Meaning of "Joint Controller" – A company offering services like Clearview, could be considered a joint controller with its clients where both determine the purposes and means of processing. In this case, Clearview was a joint controller with its clients because it imposed restrictions on how clients could use the services (i.e., limited to matters of law enforcement and national security) and determined the means of processing when matching the search image against Clearview's facial recognition database.

Commentary

Clearview's successful appeal from the ICO decision turns on the question whether all the processing it carries out is processing related to the monitoring of behaviour by foreign law enforcement agencies which is exempt from the application of UK GDPR and GDPR. In one sense this is a case specific question of fact which might in itself not be a significant development in the law (and may even be short-lived if the ICO is successful in its appeal). Without such a fact specific exemption, the processing of publicly available data of people in the UK for the purpose of monitoring their behaviour falls within the scope of the UK GDPR.
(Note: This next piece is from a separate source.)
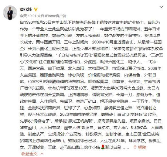 昨天(4月1日)上午,铜陵市委常委、铜陵经开区党工委书记黄化锋突然在其实名认证微博上发表离任感言,“招商路上忽闻转任马鞍山。知铜陵缘份已尽,人生在此31年,拜师学艺、娶妻生女、开课授业,至此,赴马鞍山路上约作小结,聊以自慰。”截至记者发稿时,他的这条微博下,共收到了168条网友留言,480条点赞。

What is perhaps of greater interest in this judgment is what it could mean for the commercial use of large-scale identifying databases by non-UK companies that do not have Clearview's client base (i.e. foreign law enforcement). In this case, the Tribunal (and the ICO) made a broad assumption that Clearview's database contained UK data on the basis that it involved scraping the global internet and social media. As such, there is a risk now that any non-UK company that relies upon data from a company that could include data identifying UK residents could be subject to the UK GDPR merely by the nature of its use of the Internet and/or social media. Further, this judgment makes clear that a controller or processor may be caught by the extra-territorial scope of the UK GDPR on the basis that its processing activities relate to the monitoring of the behaviour of data subjects in the UK, even where that entity is not itself monitoring data subjects, but where its activities enable its customers to conduct such monitoring. This arguably represents a significant extension in the extra- territorial reach of UK GDPR and will increase the compliance burden on such companies as well as their clients.